Logistics giant Toll is laying the foundations for a company-wide shift to Google for Work, which will see all 40,000 of the multinational’s workers equipped with a Gmail account and Google productivity apps.

The ink has barely dried on the new project, which will eventually replace 20,000 Microsoft Office accounts with the Google alternative.
Toll Group CIO John Ansley told iTnews the IT team was currently bedding down a timeline for deployment and a structure for which of Toll’s numerous business groups to tackle first. Once that’s done, he expects the actual deployment to take less than a year.
“We are organising the logical timing to transition each group, and whether we go by geography, by business, by worker type,” he said.
“We’ll be rolling it out to roughly double the number of people we were able to reach with Microsoft.”
The cloud-based nature of the productivity suite means workers in warehouses and transport hubs who were previously unable to access an email account will now be more connected into the organisation.
“Access to desktops and laptops was hindering Microsoft takeup,” Ansley said.
“But now they can access Gmail on any device they like. You can deploy Google for Work to any device as long as we tell people what their Gmail ID is.”
Leading the push is Toll’s new head of cloud technology Mark Pearce, who also helped roll out Google tools to 26,000 Woolworths employees in 2013.
The retailer later additionally opted for a move to Google’s Chrome operating system for desktops and laptops - a path also to be traversed by Toll.
But unlike Woolworths’ mass rollout of 8000 Chrome OS devices, Toll won’t undertake a large-scale deployment.
“Any new staff members - if we don’t have a laptop or desktop around - would go to a Chrome device,” Ansley said.
“But we’re not looking at it being a big replacement thing. We’ll continue to use the assets we have for their useful life, and as they come to end of life, they’ll be replaced by a Chrome device."
Excel-heavy users will still have access to the Microsoft software through Toll’s ongoing licenses, Ansley said, but he expects the requirements of the majority of the company’s workforce will be satisfied by Google Apps.
“In particular we want people using Google Docs, Google Sheets, and Google Slides.
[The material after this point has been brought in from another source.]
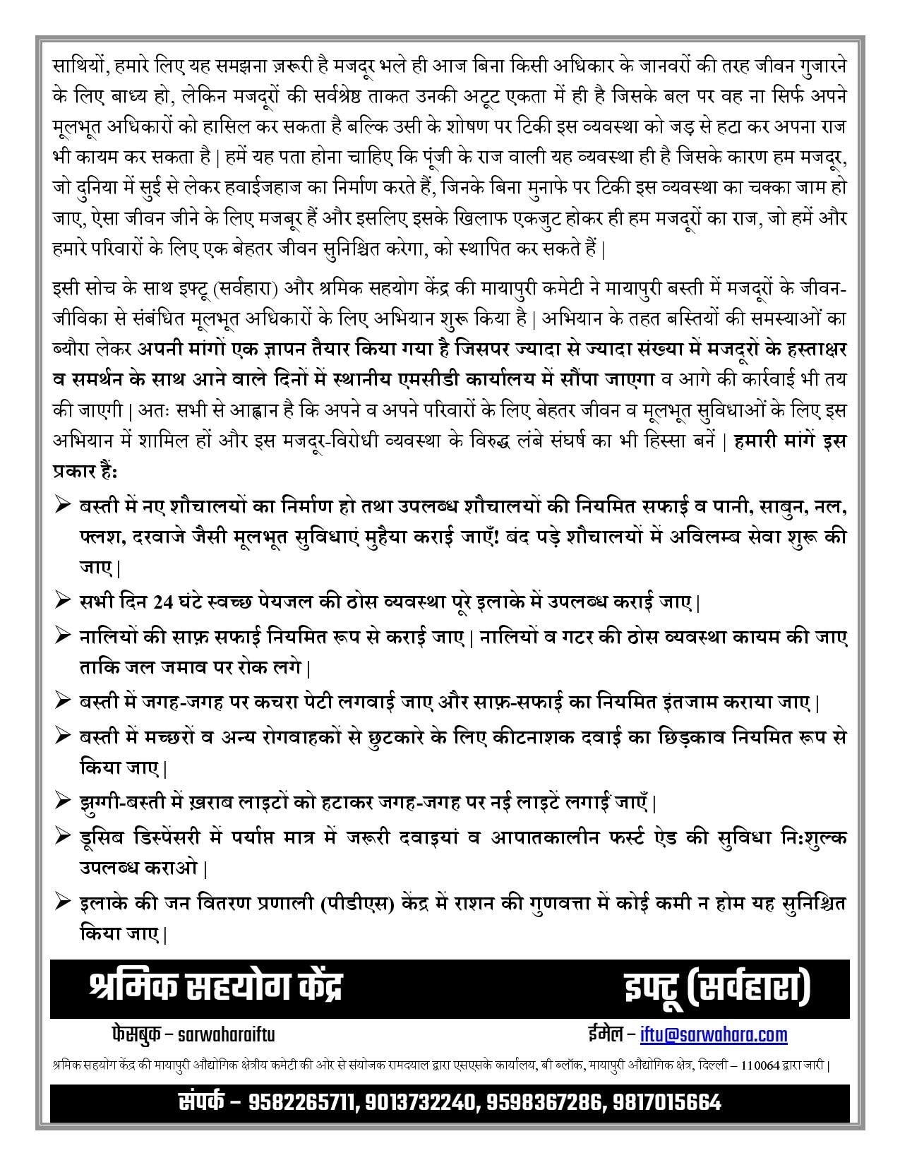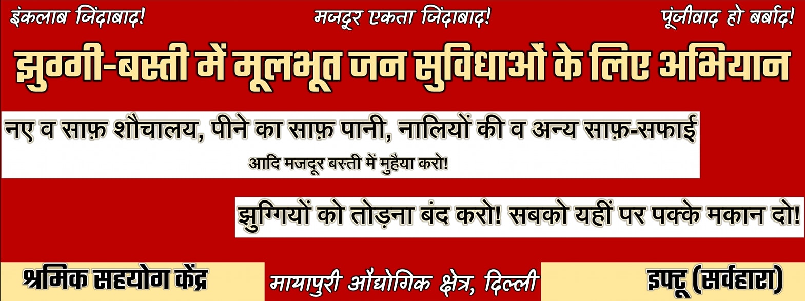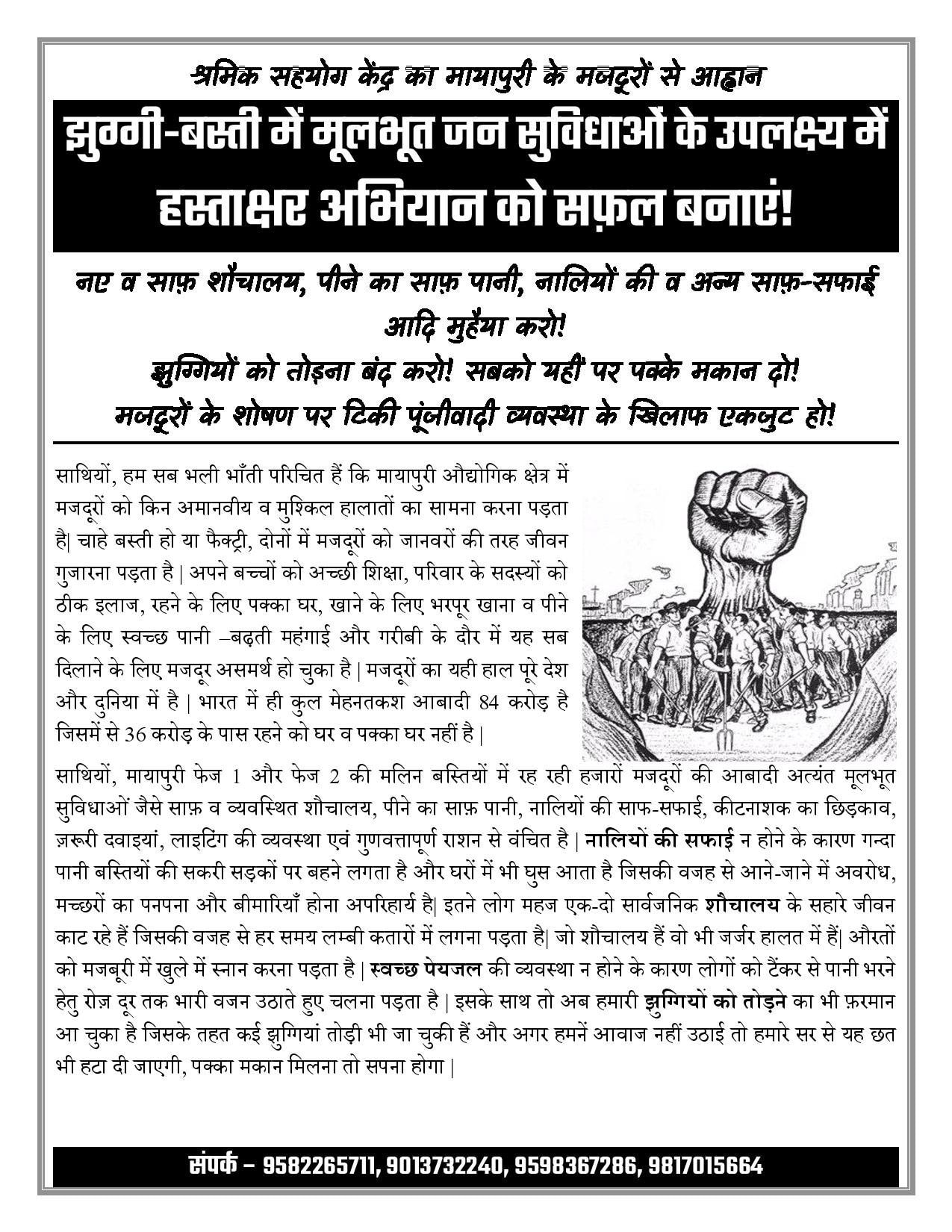 श्रमिक सहयोग केंद्र की मायापुरी औद्योगिक क्षेत्रीय कमेटी ने झुग्गी-बस्ती में रहने वाली जनता के समक्ष बस्ती में मूलभूत जन सुविधाएं जैसे साफ व नए शौचालय, 24/7 स्वच्छ पेयजल, साफ-सफाई व नालियों की बेहतर व्यवस्था, बिजलीकरण आदि मुहैया कराने की मांग पर अभियान की शुरुआत की।

We’re also looking at what else we can do in terms of collaboration, and what we can do with Hangouts.”
Ansley touted the move as the latest step in Toll’s “cloud-first, cloud-fast approach”, following from its shift to the hosted Workday platform for HR and SAP Simple Finance.
The company also recently dipped its toes in AWS waters by shifting its disaster recovery and back-up platforms for the Toll global forwarding business into the public cloud - and Ansley is currently “playing” with AWS, Azure and Google Compute for potential use in other areas of the business.